WITH $filtered_nodes AS filtered_nodes, $user_query_emb AS user_query_emb
        CALL db.index.vector.queryNodes('test_index_entity', 100, user_query_emb)
        YIELD node AS vectorNode, score as vectorScore
        WITH vectorNode, vectorScore, filtered_nodes
        WHERE ID(vectorNode) IN filtered_nodes
        RETURN ID(vectorNode) AS id, labels(vectorNode)[0] AS internal_label, vectorNode.label AS label, vectorNode.name AS name, vectorNode.description AS full_text, vectorScore
        ORDER BY vectorScore DESC
        LIMIT 10
        
        UNION
        
        WITH $filtered_nodes AS filtered_nodes, $user_query_emb AS user_query_emb
        CALL db.index.vector.queryNodes('test_index_document', 100, user_query_emb)
        YIELD node AS vectorNode, score as vectorScore
        WITH vectorNode, vectorScore, filtered_nodes
        WHERE ID(vectorNode) IN filtered_nodes
        RETURN ID(vectorNode) AS id, labels(vectorNode)[0] AS internal_label, vectorNode.docID AS label, vectorNode.docID AS name, vectorNode.full_text AS full_text, vectorScore
        ORDER BY vectorScore DESC
        LIMIT 10

我得到：

发送到 ChatGPT，我收到了：

我在这里没有重新排序，而前三段实际上只是第一层的实体节点，所以得到这个答案也就不足为奇了。

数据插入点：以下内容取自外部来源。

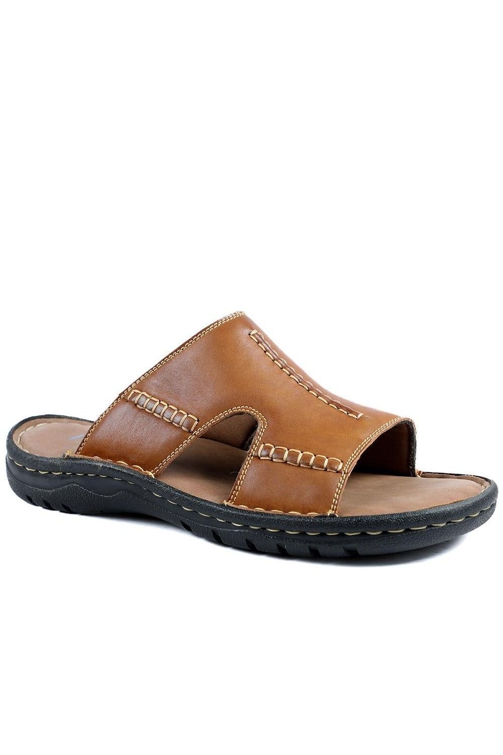 Comfortable men's slip-on mule sandals in tan leather. Designed for daily wear with a flat 2 cm heel and cushioned sole for all-day support. Perfect for relaxed, casual outings.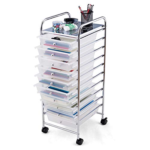 GIANTEX Rullvagn med 10 stapelbara lådor, lådvagn badrumsvagn köksvagn med låsbara hjul, förvaringsvagn hushållsvagn metallram för kök kontor (transparent)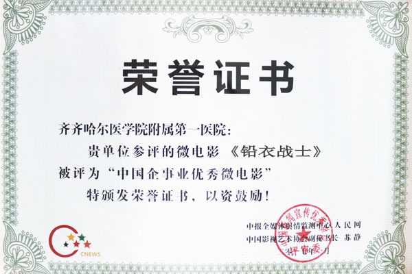 近日,由中报全媒体舆情监测中心等部门开展的2016年度“中国优秀微电影”征评活动结果揭晓,由附属一院职工自编、自导、自演的微电影《铅衣战士》荣获“中国企事业优秀微电影”殊荣。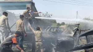 ਪੰਜਾਬ ਮੋਗਾ ਦੇ ਬੁੱਗੀਪੁਰਾ ਚੌਕ ਨੇੜੇ ਵੱਡਾ ਹਾਦਸਾ/ ਕਟਰ ਦੀ ਚਿੰਗਾਰੀ ਨਾਲ ਭੜਕੀ ਅੱਗ/ ਲੱਖਾਂ ਦਾ ਨੁਕਸਾਨ, ਫਾਇਰ ਬ੍ਰਿਗੇਡ ਨੇ ਪਾਇਆ ਕਾਬੂ By admin - April 18, 2026 0 1 Facebook Twitter Pinterest WhatsApp ਮੋਗਾ ਦੇ ਬੁੱਗੀਪੁਰਾ ਚੌਕ ਨੇੜੇ ਸ਼ਨੀਵਾਰ ਨੂੰ ਉਸ ਵੇਲੇ ਹੜਕੰਪ ਮਚ ਗਿਆ, ਜਦੋਂ ਇੱਕ ਵਰਕਸ਼ਾਪ ਦੇ ਬਾਹਰ ਕਟਰ ਨਾਲ ਕਟਿੰਗ ਕਰਦੇ ਸਮੇਂ ਨਿਕਲੀ ਚਿੰਗਾਰੀ ਨੇ ਭਿਆਨਕ ਅੱਗ ਦਾ ਰੂਪ ਧਾਰ ਲਿਆ। ਇਸ ਅੱਗ ਕਾਰਨ ਲੱਖਾਂ ਰੁਪਏ ਦਾ ਨੁਕਸਾਨ ਹੋਣ ਦੀ ਸੂਚਨਾ ਹੈ। ਜਾਣਕਾਰੀ ਅਨੁਸਾਰ ਮੈਡੀਸਿਟੀ ਦੇ ਨੇੜੇ ਸਥਿਤ “ਬਾਬਾ ਖੇਤਰ ਪਾਲ ਸਪੇਅਰ ਪਾਰਟ” ਵਰਕਸ਼ਾਪ ਵਿੱਚ ਇੱਕ ਕਰਮਚਾਰੀ ਪੁਰਾਣੀ ਗੱਡੀ ਦੀ ਮੁਰੰਮਤ ਕਰ ਰਿਹਾ ਸੀ। ਇਸ ਦੌਰਾਨ ਜਿਵੇਂ ਹੀ ਕਟਰ ਨਾਲ ਕਟਿੰਗ ਕੀਤੀ ਗਈ, ਅਚਾਨਕ ਚਿੰਗਾਰੀ ਨਿਕਲੀ ਜੋ ਕੁਝ ਸਮੇਂ ਵਿੱਚ ਹੀ ਭੜਕਦੀ ਹੋਈ ਅੱਗ ਵਿੱਚ ਤਬਦੀਲ ਹੋ ਗਈ। ਅੱਗ ਦੀਆਂ ਲਪਟਾਂ ਇੰਨੀ ਤੇਜ਼ੀ ਨਾਲ ਫੈਲੀਆਂ ਕਿ ਕੁਝ ਸਮੇਂ ਵਿੱਚ ਹੀ ਨੇੜੇ ਖੜੀਆਂ ਹੋਰ ਗੱਡੀਆਂ ਵੀ ਇਸ ਦੀ ਲਪੇਟ ਵਿੱਚ ਆ ਗਈਆਂ। ਦੇਖਦੇ ਹੀ ਦੇਖਦੇ ਅੱਗ ਨੇ ਭਿਆਨਕ ਰੂਪ ਧਾਰਨ ਕਰ ਲਿਆ ਅਤੇ ਕਈ ਵਾਹਨ ਸੜ ਗਏ, ਜਿਸ ਨਾਲ ਵੱਡਾ ਆਰਥਿਕ ਨੁਕਸਾਨ ਹੋਇਆ। ਮੌਕੇ ‘ਤੇ ਮੌਜੂਦ ਲੋਕਾਂ ਵਿੱਚ ਘਬਰਾਹਟ ਦਾ ਮਾਹੌਲ ਬਣ ਗਿਆ। ਸੂਚਨਾ ਮਿਲਦੇ ਹੀ ਫਾਇਰ ਬ੍ਰਿਗੇਡ ਦੀਆਂ ਟੀਮਾਂ ਤੁਰੰਤ ਮੌਕੇ ‘ਤੇ ਪਹੁੰਚ ਗਈਆਂ ਅਤੇ ਅੱਗ ‘ਤੇ ਕਾਬੂ ਪਾਉਣ ਲਈ ਜੱਦੋ-ਜਹਿਦ ਸ਼ੁਰੂ ਕਰ ਦਿੱਤੀ। ਖ਼ਬਰ ਲਿਖੇ ਜਾਣ ਤੱਕ ਅੱਗ ‘ਤੇ ਕਾਬੂ ਪਾਉਣ ਦੀ ਕੋਸ਼ਿਸ਼ ਜਾਰੀ ਸੀ। ਇਸ ਘਟਨਾ ਨੇ ਵਰਕਸ਼ਾਪਾਂ ਵਿੱਚ ਸੁਰੱਖਿਆ ਉਪਕਰਣਾਂ ਅਤੇ ਸਾਵਧਾਨੀਆਂ ਦੀ ਲੋੜ ਨੂੰ ਇੱਕ ਵਾਰ ਫਿਰ ਉਜਾਗਰ ਕੀਤਾ ਹੈ।

当然，重要的是要明白，这种技术并不适合每一种使用情况。对文档进行分块、提取实体和编写检索查询的方式都会对最终结果产生重要影响。不过，本文的主要目的是概述如何仅使用 Python 和 Cypher 在图上创建强大的检索功能。

总结

在本文中，我介绍了构建知识图谱的三层架构，该图谱可用作向量数据库，旨在增强检索增强生成（RAG）系统中的检索功能。第一层，固定实体层（FEL1），是由领域专家或基于地面实况文档建立的本体。第二层是文档层（DL2），由通过余弦相似性与固定实体相连的文档块组成。第三层是spaCy 实体层（SEL3），包括从文件块中提取的命名实体，进一步丰富了图的结构，提高了检索的准确性。